I’m a postdoctoral researcher at the Stuart-Fox lab, and I am currently collaborating with Dr. Megan Head at Australian National University in a project that involves chicks, insects and learning.

For many years I have been interested in how animals use colouration for different purposes. Many animals use colour to communicate with other individuals from the same species (e.g sexual selection) but there are many other animals that use colour to communicate with other species. Warning signals are used by colourful animals like dart-poison frogs, ladybirds, snakes, nudibranchs and potentially even Pithoui birds, to advertise their toxicity, and teach potential predators that they should be avoided.

Being colourful is not enough to suggest an animal is aposematic. There are different steps to test properly this syndrome. First, we need to be sure that the animal is toxic and then we need to test whether the combination of colour and toxicity can actually work to deter predators.
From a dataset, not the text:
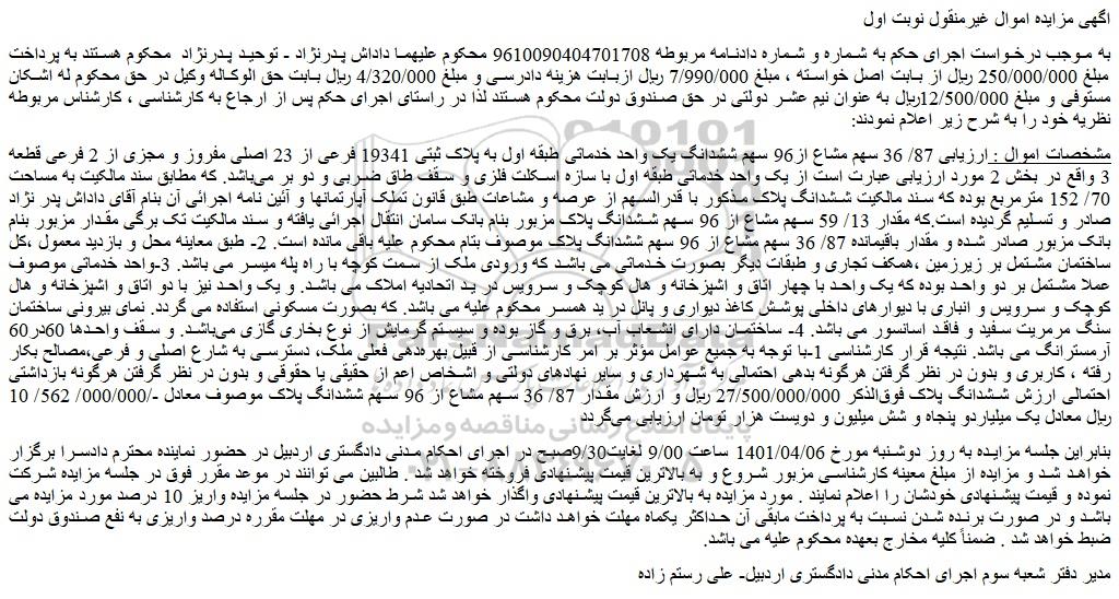 اگهی مزایده اموال غیرمنقول نوبت اول

I am interested in understanding the aposematic syndrome in the cotton harlequin bug (Tectocoris diophthalmus), a very beautiful and common Australian insect. To do this, I am using Daphnia (little crustaceans) to test whether they die when exposed to extracts of the harlequin bug. Additionally, I am using the aviary facilities at ANU to teach little chicks to avoid these insects. The idea is that, by associating the distastefulness with the colour, chicks will rapidly learn to avoid individuals with that colouration. Eventually, colouration will become an advantage for the insects which will stop being predated.

Right now I have 20 very cute baby chicks and more than 10 plants feeding ~50 insects. It has been a challenge to try to keep plants, insects, chicks and daphnia alive all at the same time but I think everything is going well so far. Hopefully before June I will have some exciting results to report!